WHITE SULPHUR SPRINGS, W.VA. (AP) - Lewis Keller Sr. never passed up a chance to sit with visitors over a glass of lemonade and promote the history of American golf at one of the nation’s original courses.
It’s time for someone else to start making the case.
More than five decades into owning Oakhurst Links in West Virginia, the 89-year-old Keller is heading into retirement. After years of trying to find a buyer, he’s leaving it up to an auction July 28 to determine whether the historic nine-hole layout lives on.
“I’m heartbroken to leave it,” Keller said.

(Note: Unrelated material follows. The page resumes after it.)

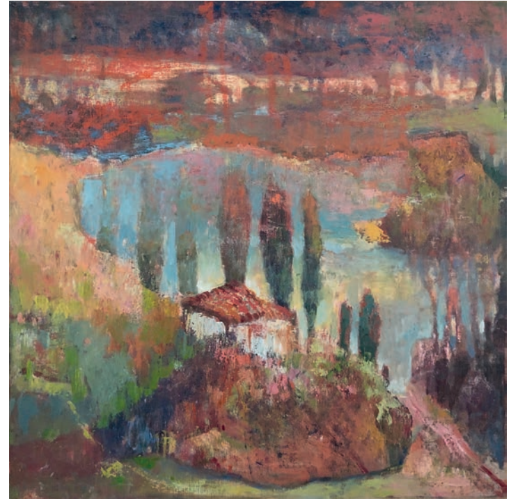
'Périgord Rouge', oil/canvas, 100x100cm

www.dhaudrecy-art-gallery.com · dhaudrecy@skynet.be

Though he has owned Oakhurst since 1959, it wasn’t until 1994 that Keller reopened the course after it had been dormant for more than 80 years. And Oakhurst wasn’t just a place for guests to see golf in its infancy in America.
They played it.
Golfers could rent hickory-shafted clubs and hit gutta-percha balls off tees fashioned from sand and water. Many have come dressed in fashions from the late 1800s to play and take tours of the clubhouse and museum brimming with photos of visits from golfers such as Sam Snead, Lee Trevino and Tom Watson.
To Keller and others, most golfers have no idea how the sport was first played here, focusing instead on today’s high-tech game contested on expensive, spacious, manicured courses.
PGA pro Daniel Summerhays played Oakhurst before the 2011 Greenbrier Classic at the posh resort six miles away. He called it a “really cool” experience and said he earned a new appreciation for players such as Bobby Jones and Harry Vardon.
To Tommy Garten, who is handling the auction, Oakhurst is golf’s Cooperstown.
“It needs to be preserved,” Garten said. “It would be a tragedy if somebody didn’t come in, step up and continue this operation.”
Although the possibility exists that someone might want to convert the property into some type of housing development, Garten believes it’s too small. Still, it pains Keller to ponder the possibility that the course might not reopen.
“I do hope that if it indeed works out, that maybe I can contribute something to the new owner,” Keller said. “I hope that I can.”
Keller is moving out of his home at Oakhurst’s entrance to live in a retirement village in Lynchburg, Va. His wife of 60 years, Rosalie, died in 2010.
Listed on the National Register of Historic Places, Oakhurst was first owned by Russell Montague, who became enamored of golf while studying in Great Britain.